■ Task instructions ■
Ignoring pictures, transcribe exactly the lines between the one containing "Take some of" and the end of the material, both included.

*** Opening of Data ***

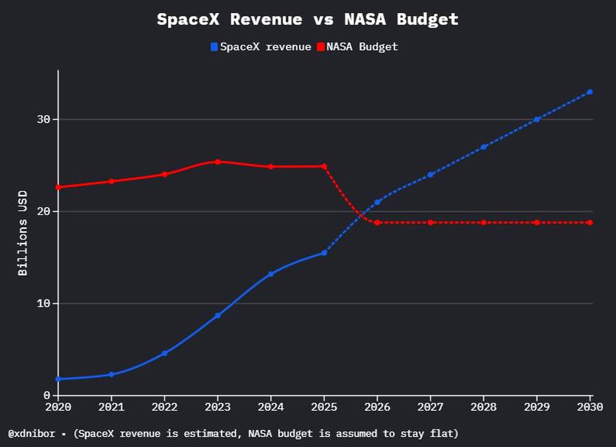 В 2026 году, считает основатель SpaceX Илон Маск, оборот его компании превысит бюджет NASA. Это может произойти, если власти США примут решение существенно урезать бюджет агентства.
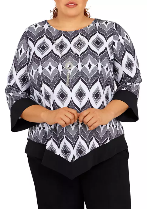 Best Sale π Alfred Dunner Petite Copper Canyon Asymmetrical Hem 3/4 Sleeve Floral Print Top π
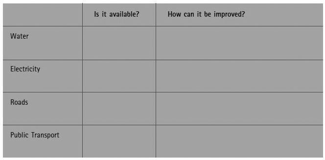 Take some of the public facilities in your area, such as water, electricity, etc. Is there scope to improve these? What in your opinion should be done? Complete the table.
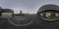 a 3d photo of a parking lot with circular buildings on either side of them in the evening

*** Close of Data ***

■ Answer section ■
 Take some of the public facilities in your area, such as water, electricity, etc. Is there scope to improve these? What in your opinion should be done? Complete the table.
 a 3d photo of a parking lot with circular buildings on either side of them in the evening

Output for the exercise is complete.